-- Records provided --
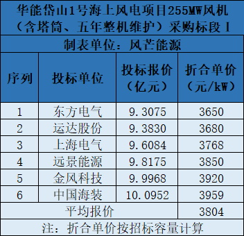项目共有6家整机商竞标,平均报价为3804元/kW。其中东方电气报价最低,投标报价为9.31亿元,折合单价为3650元/kW。
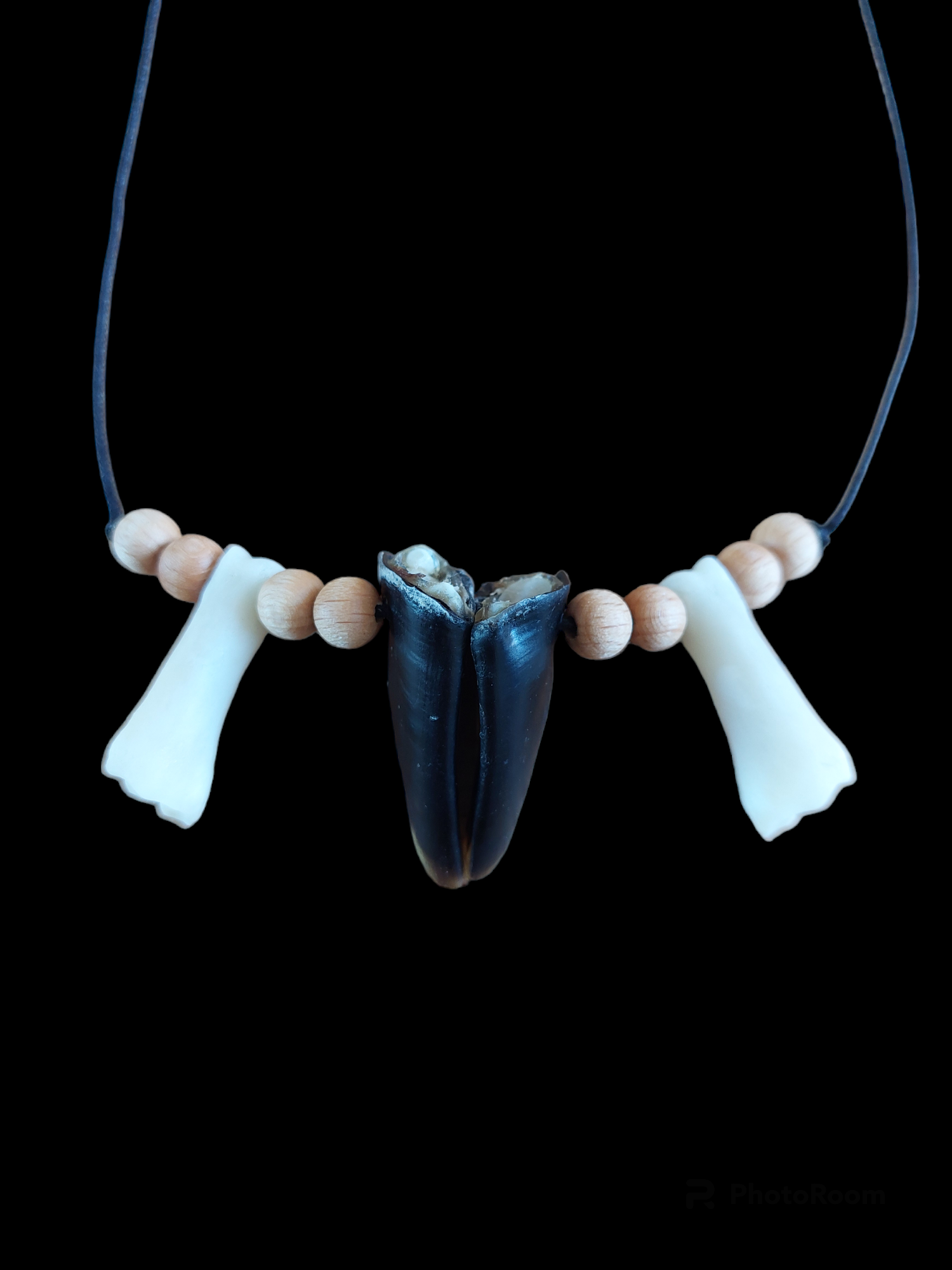 Amulet necklace made with two foot bones and two hooves from a dutch roe deer.
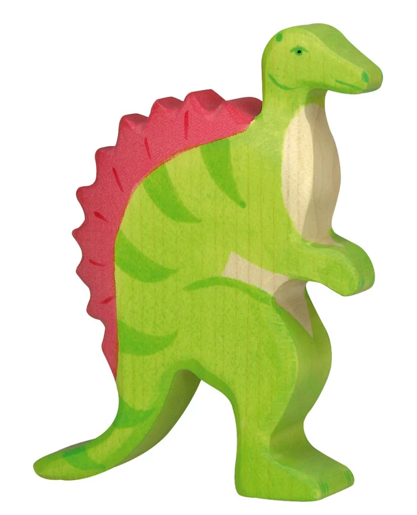 Deze Spinosaurus kijkt recht vooruit. Maak je eigen dinopark met de houten dieren en figuren van Holztiger, daar mag deze Spinosaurus niet in ontbreken. Afmeting: 11.5×2.3×12.5 cm
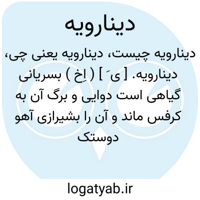 دینارویه. [ ی َ ] ( اِخ ) بسریانی گیاهی است دوایی و برگ آن به کرفس ماند و آن را بشیرازی آهو دوستک گویند. ( آنندراج ) ( انجمن آرا ) ( برهان ). زوفرا. حزا. ( مفردات ابن البیطار ). انیسون بری.
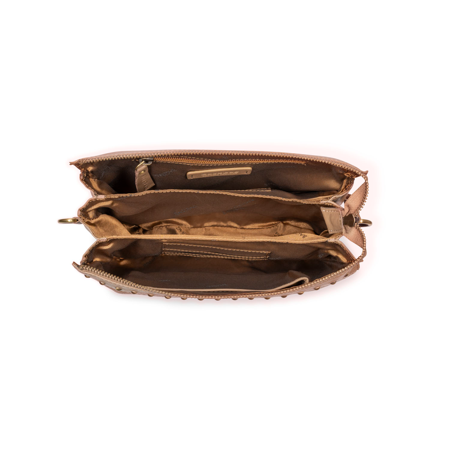 De Yale is een stoere crossbody tas met stijlvolle studs als detail. Het slimme ontwerp met meerdere vakken en ritsen maakt deze tas ideaal om je essentials georganiseerd en veilig mee te nemen.
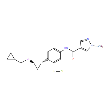 SMILES: | N(C)1C=C(C(NC2=CC=C([C@H]3C[C@@H]3NCC3CC3)C=C2)=O)C=N1.[H]Cl |
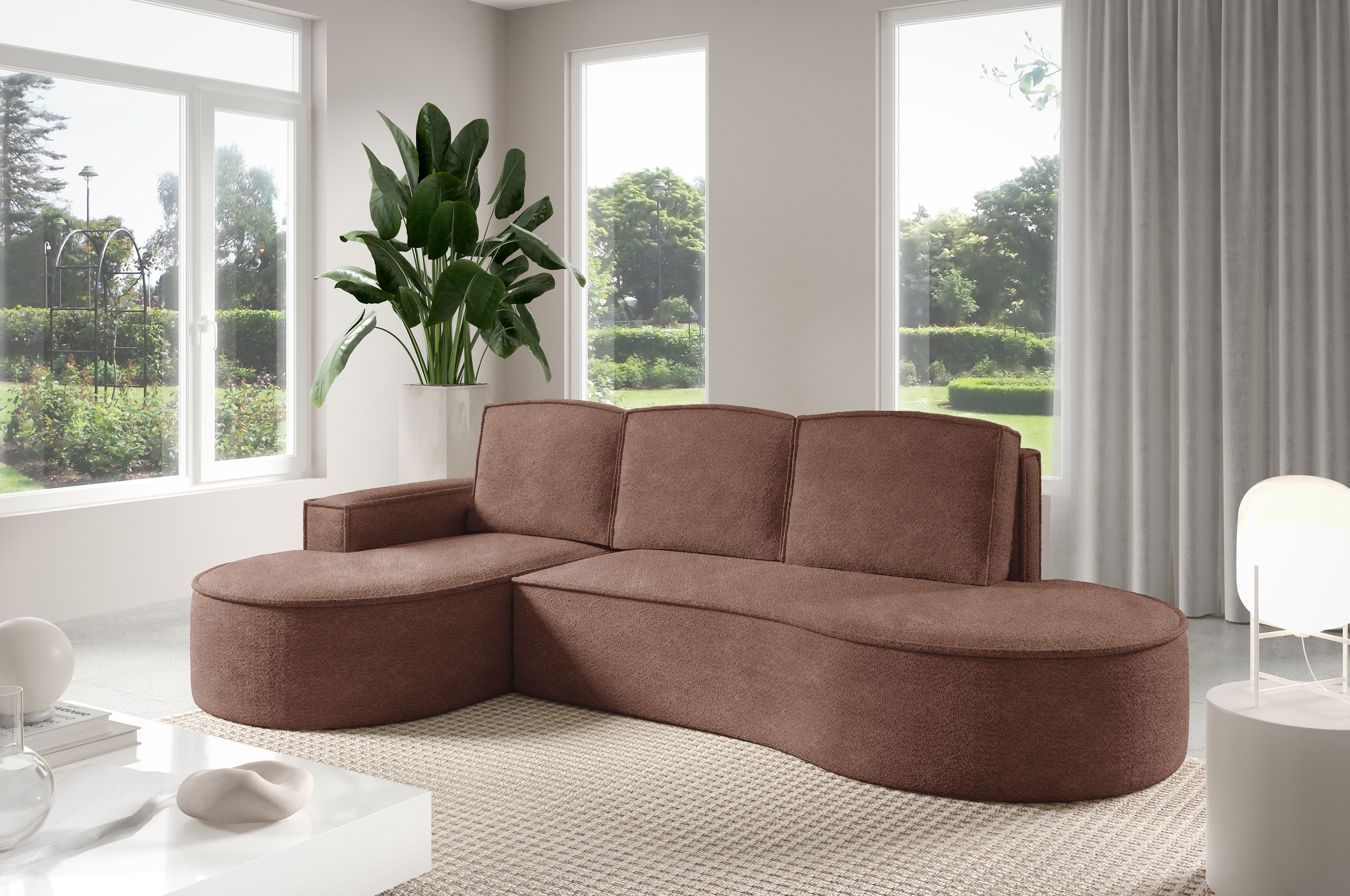 Narożnik MOLLY Lewostronny z funkcją spania, wolnostojący tkanina ABRIAMO 12 Miedziany

-- Your assignment --
Every record above must be copied exactly; none of the pictures belong in the copy.

-- Result --
项目共有6家整机商竞标,平均报价为3804元/kW。其中东方电气报价最低,投标报价为9.31亿元,折合单价为3650元/kW。
 Amulet necklace made with two foot bones and two hooves from a dutch roe deer.
 Deze Spinosaurus kijkt recht vooruit. Maak je eigen dinopark met de houten dieren en figuren van Holztiger, daar mag deze Spinosaurus niet in ontbreken. Afmeting: 11.5×2.3×12.5 cm
 دینارویه. [ ی َ ] ( اِخ ) بسریانی گیاهی است دوایی و برگ آن به کرفس ماند و آن را بشیرازی آهو دوستک گویند. ( آنندراج ) ( انجمن آرا ) ( برهان ). زوفرا. حزا. ( مفردات ابن البیطار ). انیسون بری.
 De Yale is een stoere crossbody tas met stijlvolle studs als detail. Het slimme ontwerp met meerdere vakken en ritsen maakt deze tas ideaal om je essentials georganiseerd en veilig mee te nemen.
 SMILES: | N(C)1C=C(C(NC2=CC=C([C@H]3C[C@@H]3NCC3CC3)C=C2)=O)C=N1.[H]Cl |
 Narożnik MOLLY Lewostronny z funkcją spania, wolnostojący tkanina ABRIAMO 12 Miedziany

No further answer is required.